Linda le tendió los brazos. Algunos empezaron a reír por lo
bajo.
-¿Qué significa -empezó el director- esta monstruosa ...
?
-¡Tomakín!
Linda corrió hacia delante, arrastrando tras de sí su manta,
arrojó los brazos al cuello del director y ocultó el rostro en su
pecho.
Levantóse una incontenible oleada de carcajadas.
-¿... esta monstruosa broma de mal gusto? -gritó el director.
Con el rostro encendido, intentó desasirse del abrazo de la mujer, que
se aferraba a él desesperadamente.
-¡Pero si soy Linda, soy Linda! -las risas ahogaron su voz-. ¡Me
hiciste un crío! -chilló Linda, por encima del rugir de las
carcajadas.
Hubo un siseo súbito, de asombro; los ojos vagaban incómodamente,
sin saber adónde mirar. El director palideció
súbitamente, dejó de luchar, y, todavía con las manos en
las muñecas de Linda, se quedó mirándola a la cara,
horrorizado.
-Sí, un crío.... y yo fui su madre.
Linda lanzó aquella obscenidad como un reto en el silencio ultrajado;
después, separándose bruscamente de él, abochornada, se
cubrió la cara con las manos, sollozando.
-No fue mía la culpa, Tomakín. Porque yo siempre hice mis
ejercicios, ¿no es verdad? ¿No es verdad?
Siempre... No comprendo cómo... ¡Si tú supieras cuán
horrible fue, Tomakín ... ! A pesar de todo, el niño fue un
consuelo para mí. -Y, volviéndose hacia la puerta, llamó-:
¡John!
John entró inmediatamente, hizo una breve pausa en el umbral,
miró a su alrededor, y después, corriendo silenciosamente sobre
sus mocasines de piel de ciervo, cayó de rodillas a los pies del
director y dijo en voz muy clara:
-¡Padre!
Esta palabra (porque la voz padre, que no implicaba relación directa con
el desvío moral que extrañaba el hecho de alumbrar un hijo, no
era tan obscena como grosera; era una incorrección más
escatológica que pornográfica), la cómica suciedad de esta
palabra alivió la tensión, que había llegado a hacerse
insoportable.
Las carcajadas estallaron, estruendosas, casi histéricas, encadenadas,
como si no debieran cesar nunca. ¡Padre! ¡Y era el director!

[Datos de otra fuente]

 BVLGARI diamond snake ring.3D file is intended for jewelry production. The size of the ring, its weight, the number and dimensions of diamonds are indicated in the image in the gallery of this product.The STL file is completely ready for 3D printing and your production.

¡Padre! ¡Oh, Ford! Era algo estupendo. Las risas se
sucedían, los rostros parecían a punto de desintegrarse, y hasta
los ojos se cubrían de lágrimas. Otros seis tubos de ensayo
llenos de espermatozoos fueron derribados. ¡Padre!

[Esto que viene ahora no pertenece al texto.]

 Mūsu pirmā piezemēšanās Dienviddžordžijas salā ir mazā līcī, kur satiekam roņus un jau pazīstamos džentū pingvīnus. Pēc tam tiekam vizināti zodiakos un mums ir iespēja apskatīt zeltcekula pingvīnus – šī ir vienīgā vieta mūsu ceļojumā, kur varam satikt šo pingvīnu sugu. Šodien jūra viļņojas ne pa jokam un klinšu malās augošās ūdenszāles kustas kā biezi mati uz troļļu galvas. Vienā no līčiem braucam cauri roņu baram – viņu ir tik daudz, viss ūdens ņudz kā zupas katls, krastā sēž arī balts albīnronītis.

Pálido, con los ojos fuera de sus órbitas, el director miraba a
su alrededor en una agonía de humillación enloquecedora.
¡Padre! Las carcajadas, que habían dado muestras de
desfallecer, estallaron más fuertes que nunca. El director se
tapó los oídos con ambas manos y abandonó corriendo la
sala.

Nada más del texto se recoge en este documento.